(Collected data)
━━━━━━━━━━━━━━━━━━━━━━━━━━━━━━
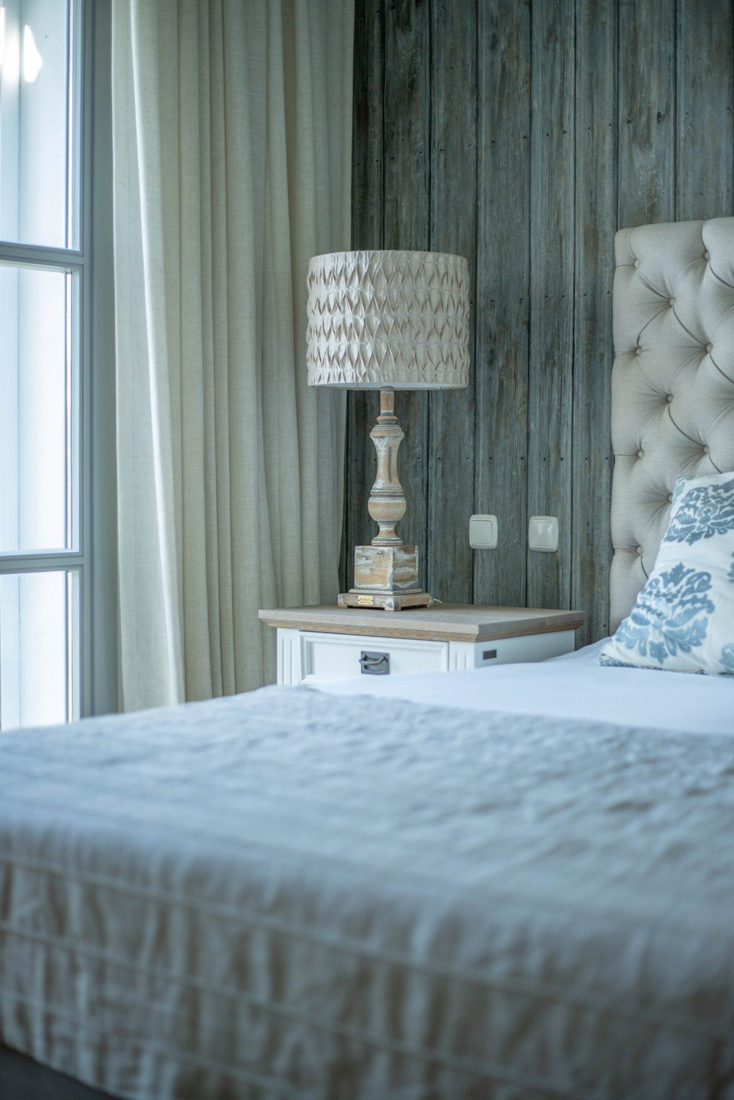On accède à l'intérieur par un hall d'entrée spacieux et lumineux. De là, on trouve, sur la gauche, une chambre avec un lit double et sa salle de bains privative équipée d'une douche et d'une baignoire. La chambre se caractérise par ses baies vitrées qui laissent entrer abondamment la lumière naturelle, ainsi que par un bureau et une télévision.
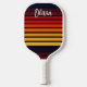 Farbenvolles Streifenmuster mit individuellem Namen Pickleball Paddle. Ein farbenfroher Streifen, der von einem Sonnenuntergang inspiriert wird. Die Streifen sind in verschiedenen dunkelblauen, dunkelrosa, roten, orangefarbenen und gelben Farbtönen gehalten. Sie können einfach Ihren Namen oder Monogramm hinzufügen, um dies zu einer persönlichen Palette zu machen, die sich herausstellen wird. Der Name ist ein Skript in einem großen weißen Format.
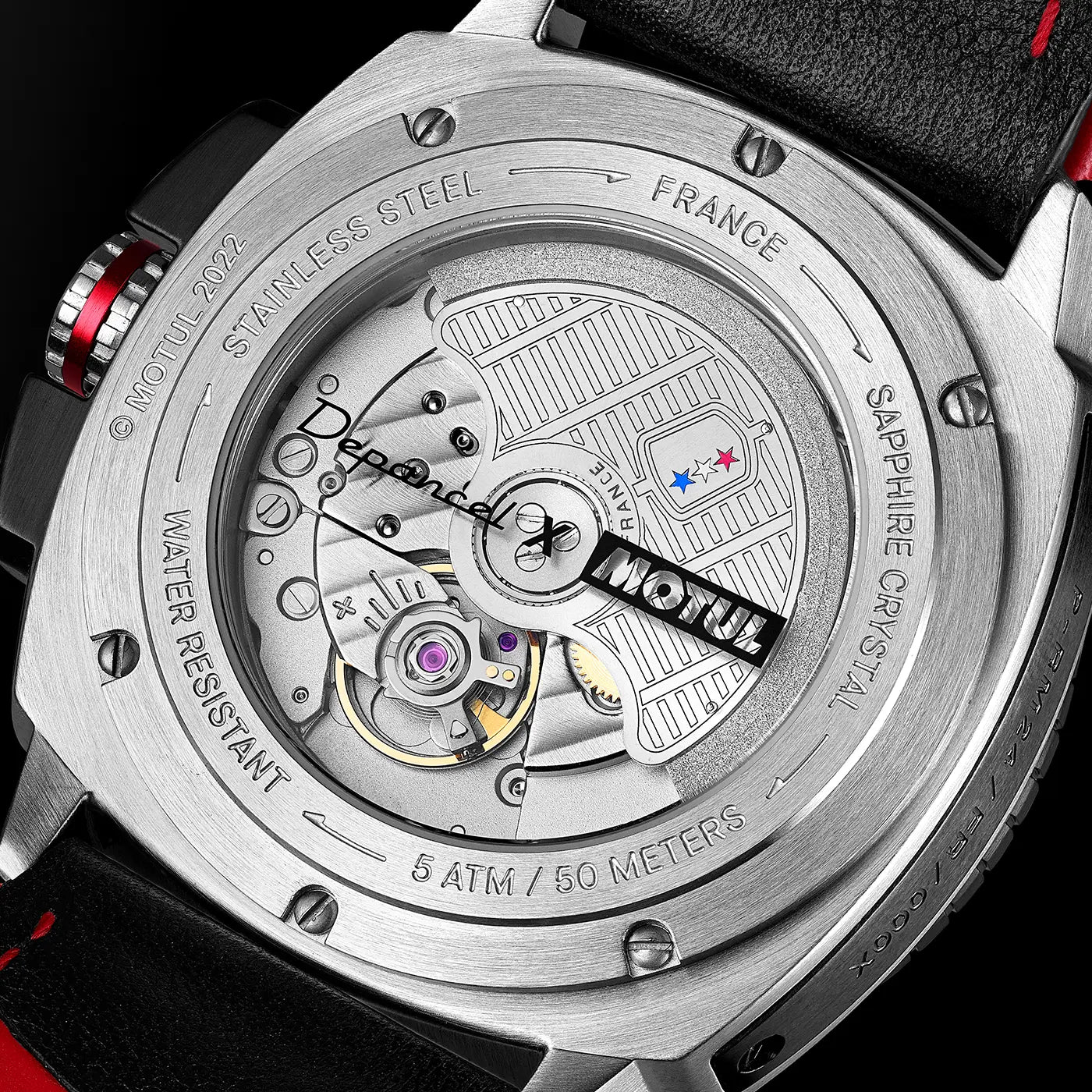 Une collaboration qui sonne comme une évidence entre Motul, acteur incontournable de l’univers du sport auto et moto, présent depuis de nombreuses années dans toutes les disciplines liées à la mécanique et Depancel, marque horlogère directement inspirée du monde de l’automobile.
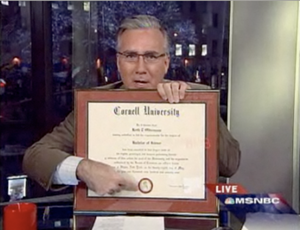 Keith Olbermann got all butthurt after Ann Coulter pointed out that he received his diploma from Moo School instead of an Ivy League institution. He also thought that it would be a brilliant idea to play "show & tell" with his diploma on national television, so that everyone could see his deep-seated insecurity.
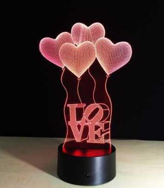 Corazones y Globos – Lámpara holográfica con iluminación óptica 3D
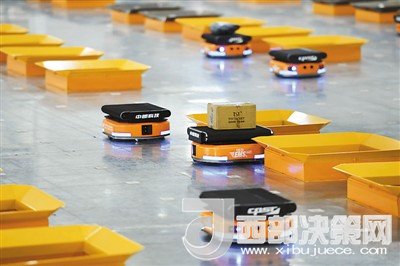 如今,智能機器人在快遞分揀領(lǐng)域的應(yīng)用大幅提升了快遞效率。圖為中國郵政速遞物流華中(武漢)陸運中心啟用機器人分揀郵件。
━━━━━━━━━━━━━━━━━━━━━━━━━━━━━━
Reproduce, word for word, every line from the start of the records down to and including the line with "Farbenvolles Streifenmuster mit"; skip the pictures.

On accède à l'intérieur par un hall d'entrée spacieux et lumineux. De là, on trouve, sur la gauche, une chambre avec un lit double et sa salle de bains privative équipée d'une douche et d'une baignoire. La chambre se caractérise par ses baies vitrées qui laissent entrer abondamment la lumière naturelle, ainsi que par un bureau et une télévision.
 Farbenvolles Streifenmuster mit individuellem Namen Pickleball Paddle. Ein farbenfroher Streifen, der von einem Sonnenuntergang inspiriert wird. Die Streifen sind in verschiedenen dunkelblauen, dunkelrosa, roten, orangefarbenen und gelben Farbtönen gehalten. Sie können einfach Ihren Namen oder Monogramm hinzufügen, um dies zu einer persönlichen Palette zu machen, die sich herausstellen wird. Der Name ist ein Skript in einem großen weißen Format.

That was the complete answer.